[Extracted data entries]
::::::
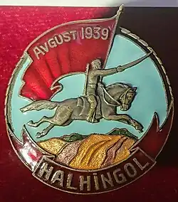 Знак «Участнику боёв у Халхин-Гола» был учреждён Указом Великого Народного Хурала МНР 16 августа 1940[1]. Дата на знаке «Август 1939» означает решающий момент в военном противостоянии.
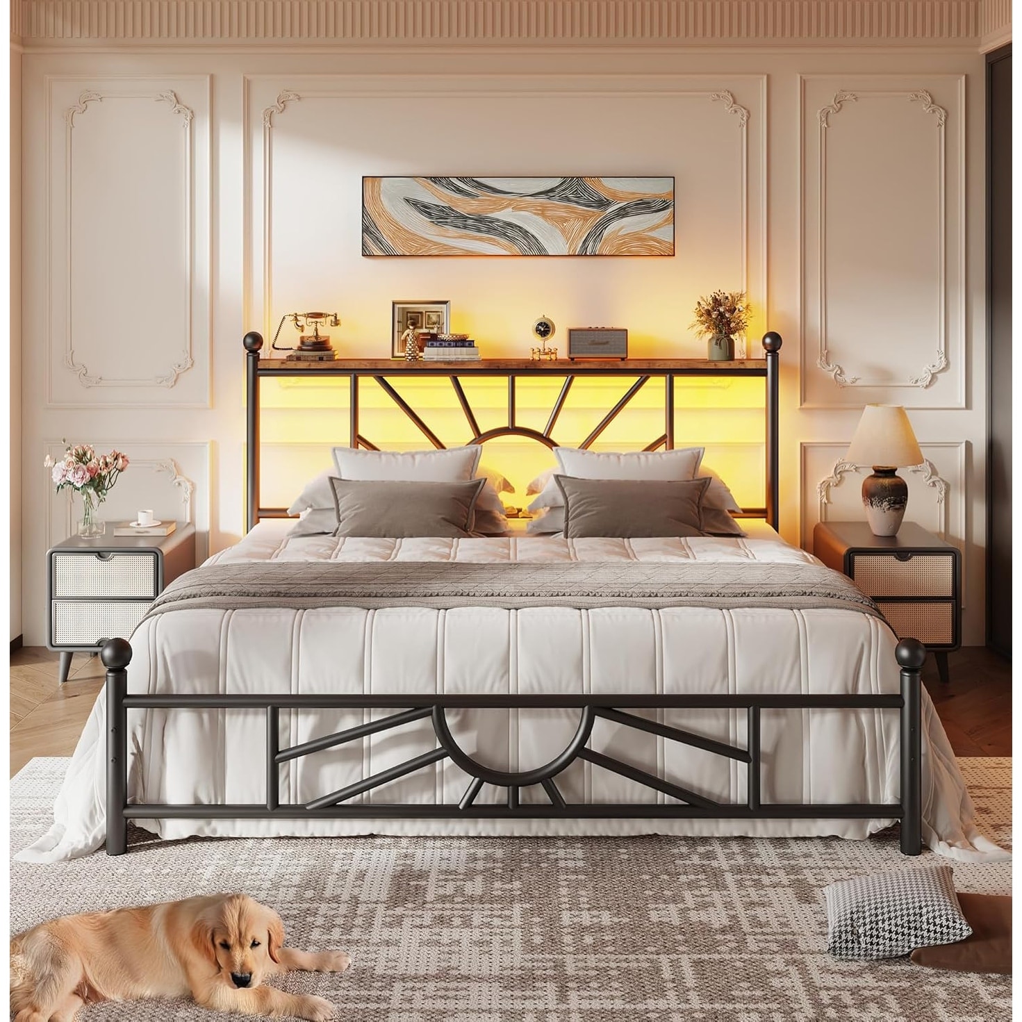 Queen Metal Platform Bed with LED Headboard, Under Bed Storage, Noise-Free, Easy Assembly, Black
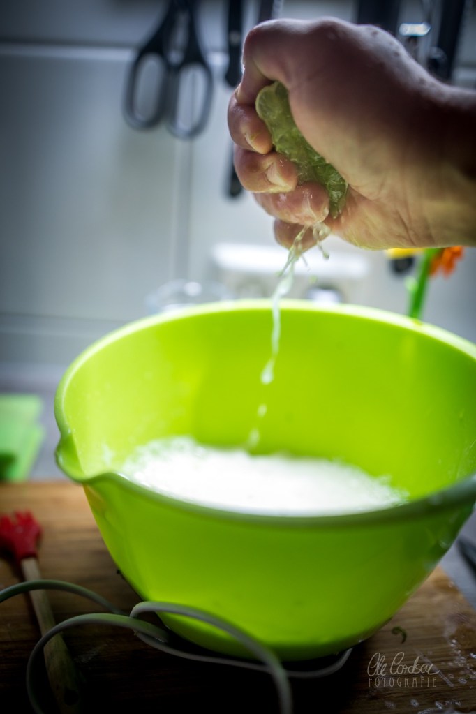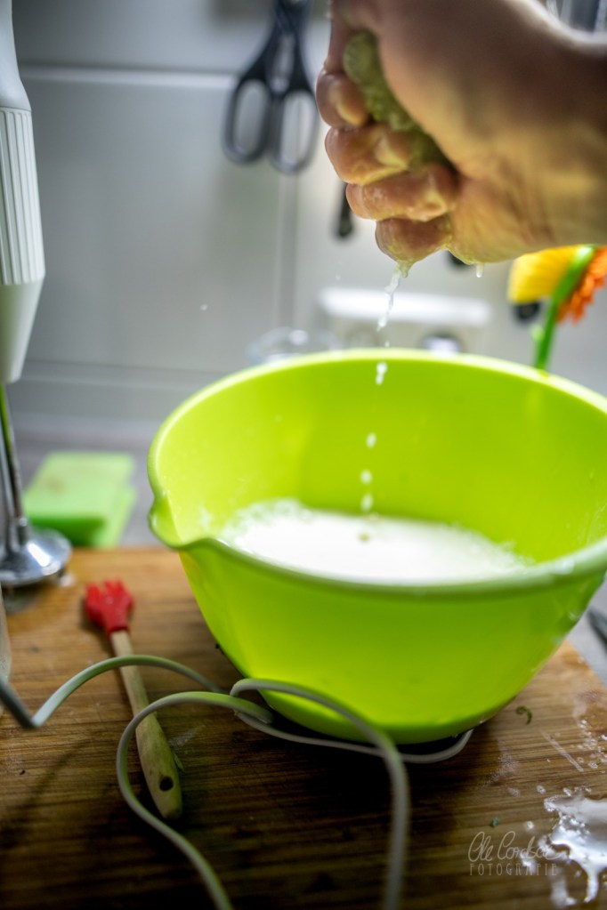 Unterdessen für die Masse zunächst Eier und Zucker samt der Prise Salz schaumig rühren. Dann die Schale von den Limetten und der Zitrone abreiben, die Zitrusfrüchte halbieren und in den Zucker-Ei-Schaum pressen. Die Sahne dazugießen. Nochmal kräftig durchquirlen, möglichst lange, damit, falls Ihr Zesten gerissen habt, statt die Schale abzureißen, die Messer des Pürierstabs das Ganze in kleinere Stückchen fetzen.
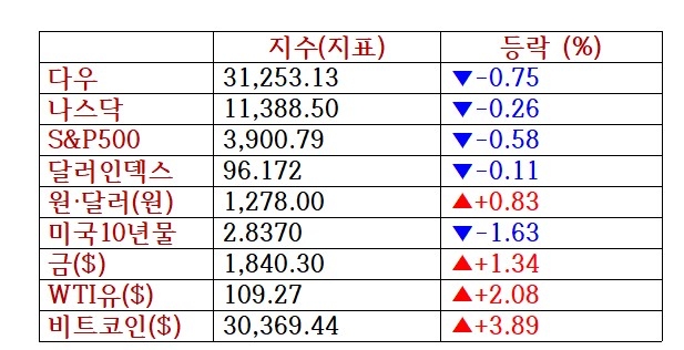 미국 증시는 인플레이션 우려 지속에 하락 마감. S&P500지수는 0.6% 하락한 3,900선에서 거래를 마쳤고, 다우지수는 0.8% 하락해 31,253.13에 마감. 나스닥 지수는 0.3% 내린 11,388.50에 마감. 전일 대형 유통업체 월마트와 타깃의 실적 부진으로 인플레이션 급등에 따른 기업들의 어려움이 본격화됐다는 진단에 이어 이날 발표된 주요 기업들의 실적도 여전히 부진한 모습을 보이며 시장의 투자심리가 악화. 연준(FED)은 인플레이션 억제를 위해 공격적인 긴축에 나서는 상황 속에서 경기침체를 유발할 수 있다는 우려가 지속. 재닛 옐런 미국 재무장관은 이날 독일에서 열린 G7 재무장관회의에서 지구촌 전체가 고물가 속에서 성장이 둔화하는 스태그플레이션 위험에 빠질 수 있다고 경고. 과거 금융시장 버블을 예측했던 제러미 그랜섬 월가 투자자는 최근 증시 하락세가 2000년 ‘닷컴 버블’보다 심각하다는 우려도 제기. 이날 발표된 경제지표로는 지난 14일로 끝난 한 주간 실업 보험 청구자수가 전주보다 2만1천 명 증가한 21만 8천 명으로 집계해 시장 예상치를 상회. 5월 필라델피아 연은 지수는 2.6으로 전월 17.6보다 큰 폭으로 하락하며 경기가 확장 국면은 유지했으나 제조업 활동이 전월보다 크게 둔화한 모습. 증시 전문가들은 인플레이션이 기업들의 수익에 영향을 미치고 있으며 당분간 시장의 높은 변동성이 지속될 것으로 전망.
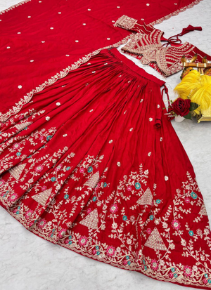 This vichitra lehenga choli set is the perfect blend of tradition and trend. Whether you’re attending a wedding, celebrating a festival, or dressing up for a party, it ensures you look stylish, confident, and radiant.
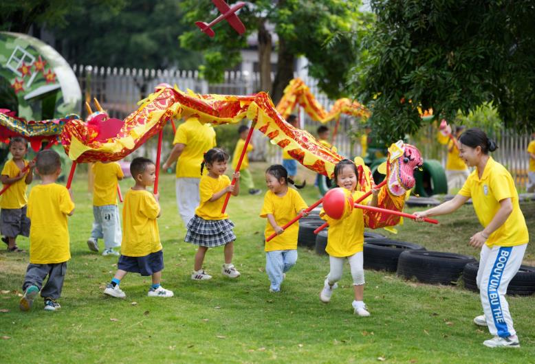 9月5日,四川泸州白酒产业园区天骄托育园的老师带领孩子们舞龙。新华社记者 江宏景 摄
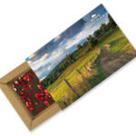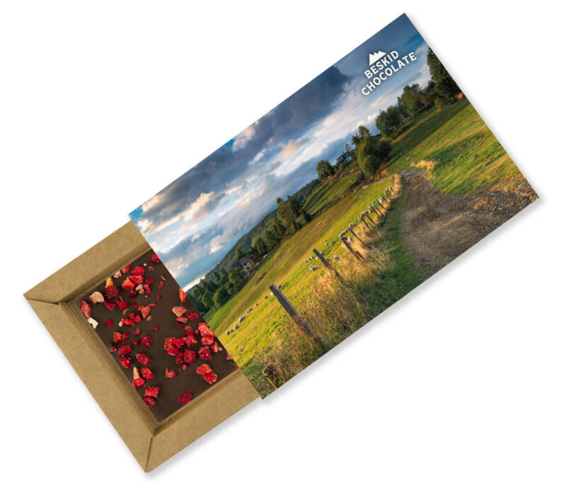 Na opakowaniu – Hala Boracza, jedno z najbardziej malowniczych miejsc w Beskidach. Szerokie widoki, letnie łąki i smak dzieciństwa – zamknięte w każdej tabliczce.
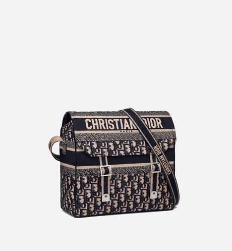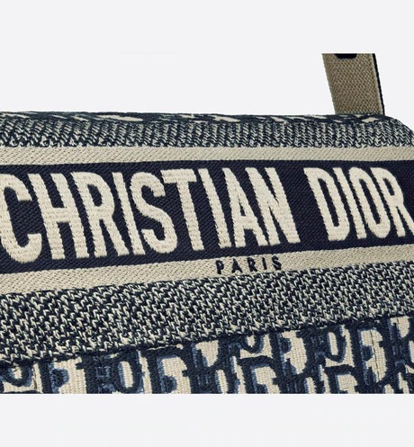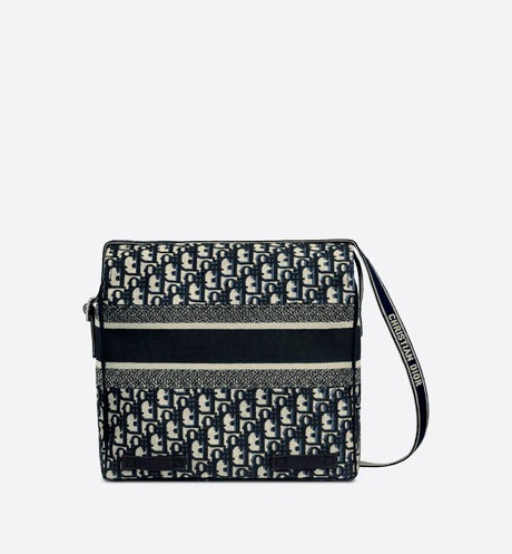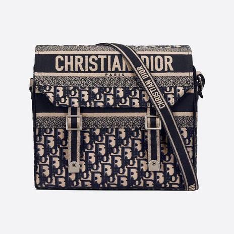 Maria Grazia Chiuri has redesigned the classic messenger bag by adding signature Dior elements for a casual and modern look. The style is entirely embroidered with the blue Dior Oblique motif. and is enhanced by a 'CHRISTIAN DIOR' signature across the front. The generous shape makes it an ideal companion for the city. Featuring an adjustable shoulder strap. the messenger bag can be worn over the shoulder or crossbody.
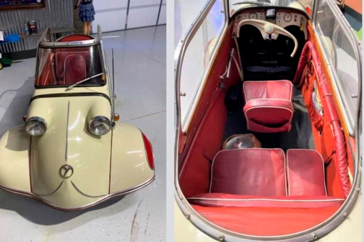 На торги выставили трехколесный микромобиль Messerschmitt KR200 – с мотоциклетной компоновкой и авиационными деталями: штурвал вместо руля и откидной стеклянный фонарь, как в кабине пилота.
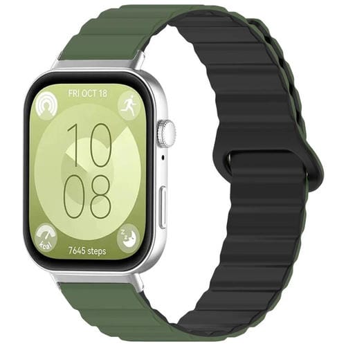 Correa de silicona brillante magnética para Huawei Watch Fit4 Pro / Fit4 / Fit3 xDfind Loop (verde militar y negro)
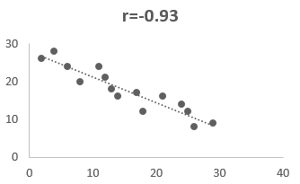 The diagram, which has a value r = -0.93, represents that both the variables are highly negatively correlated, which shows us if there is a positive increase in one variable, the other one will decrease significantly.
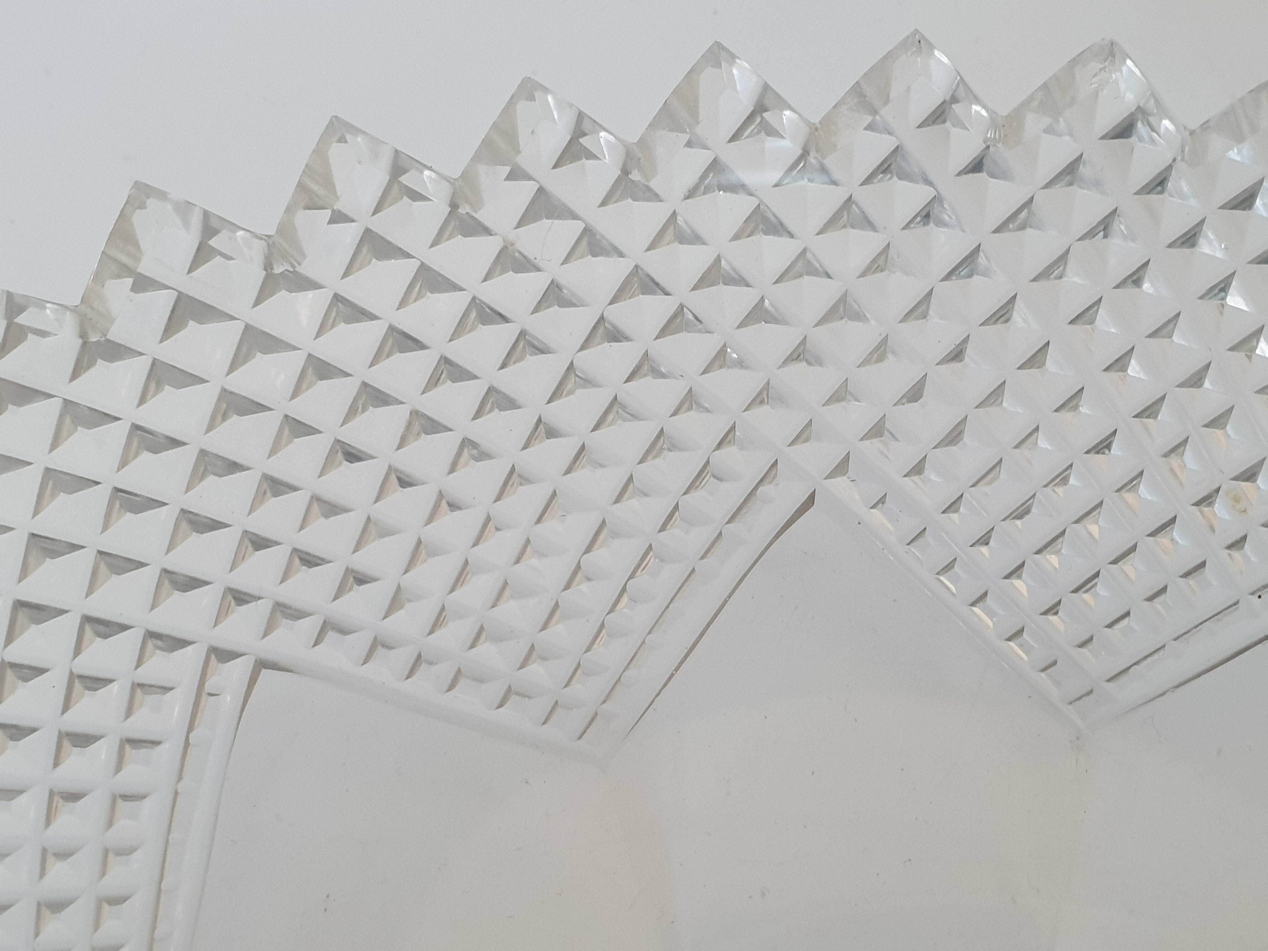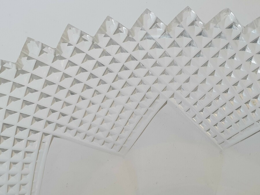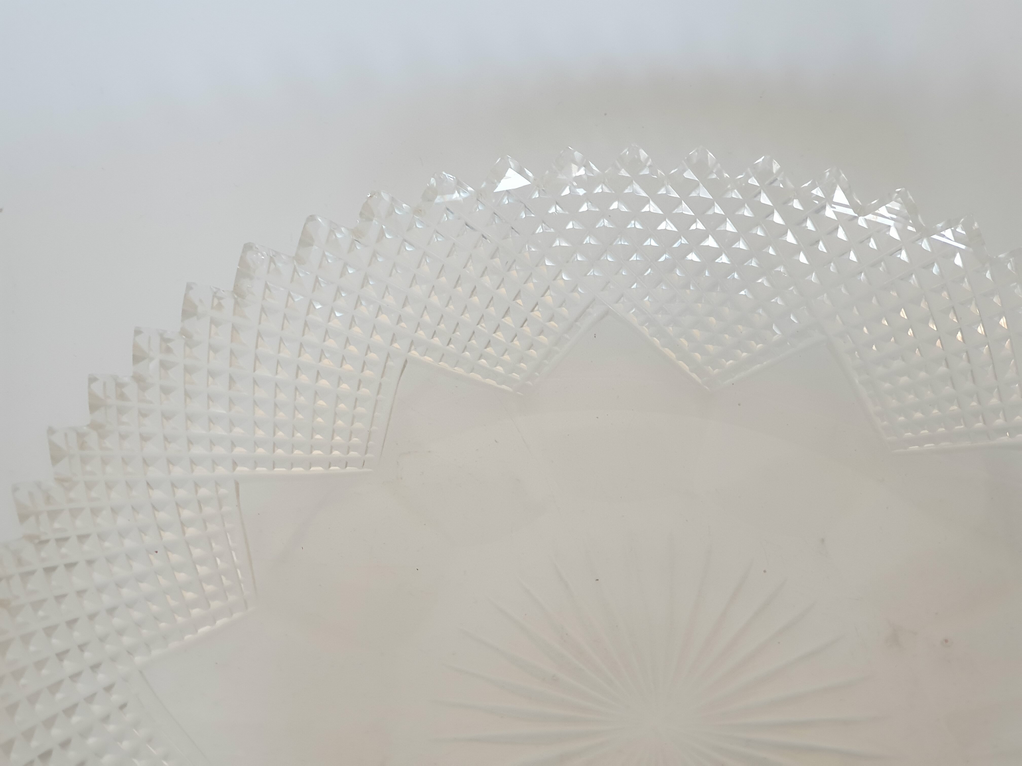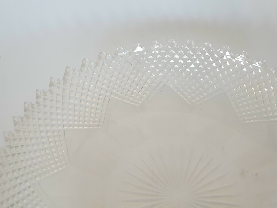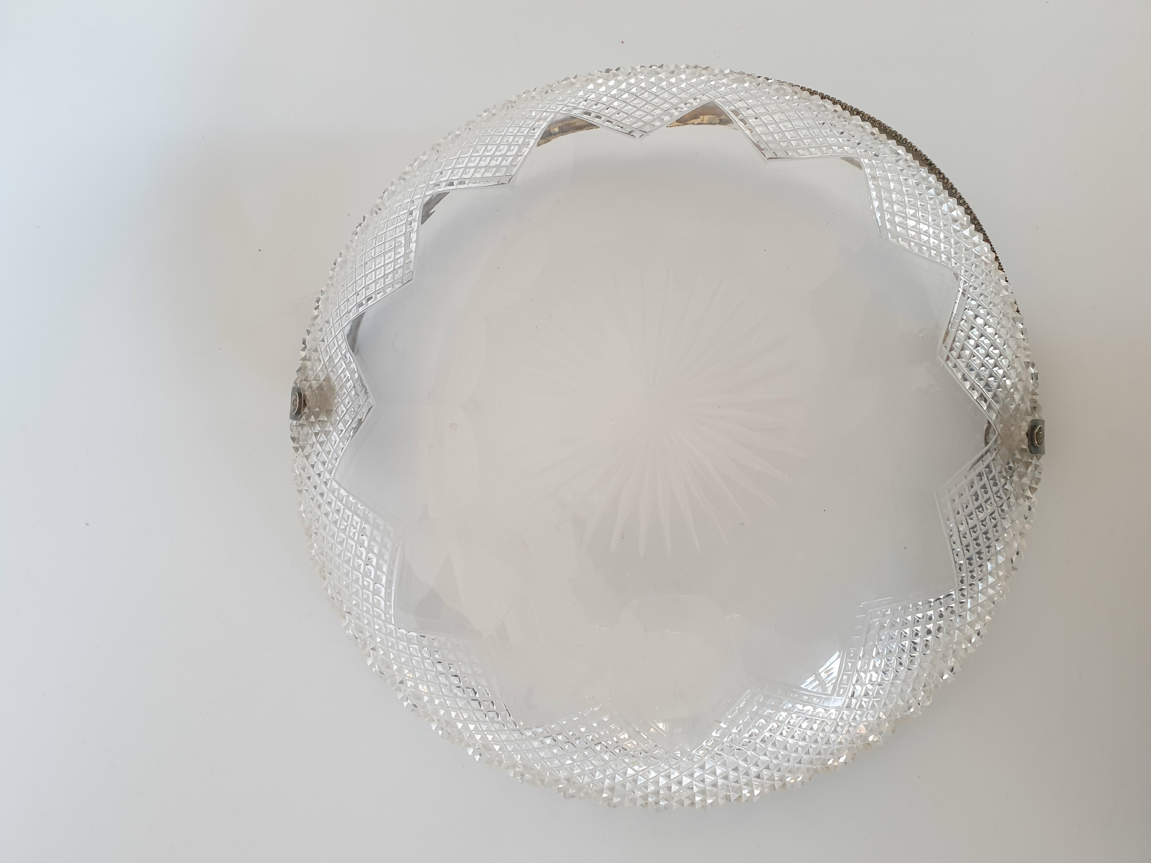 Geslepen kristallen schaal met zilveren hengsel, gemerkt met staande leeuw en een onduidelijke jaarletter. |
::::::
ABOUT THIS EXERCISE -
Whatever lies between the first line of the data and the line holding "Unterdessen für die", inclusive, should be repeated exactly, apart from the pictures.

WRITTEN ANSWER -
 Знак «Участнику боёв у Халхин-Гола» был учреждён Указом Великого Народного Хурала МНР 16 августа 1940[1]. Дата на знаке «Август 1939» означает решающий момент в военном противостоянии.
 Queen Metal Platform Bed with LED Headboard, Under Bed Storage, Noise-Free, Easy Assembly, Black
 Unterdessen für die Masse zunächst Eier und Zucker samt der Prise Salz schaumig rühren. Dann die Schale von den Limetten und der Zitrone abreiben, die Zitrusfrüchte halbieren und in den Zucker-Ei-Schaum pressen. Die Sahne dazugießen. Nochmal kräftig durchquirlen, möglichst lange, damit, falls Ihr Zesten gerissen habt, statt die Schale abzureißen, die Messer des Pürierstabs das Ganze in kleinere Stückchen fetzen.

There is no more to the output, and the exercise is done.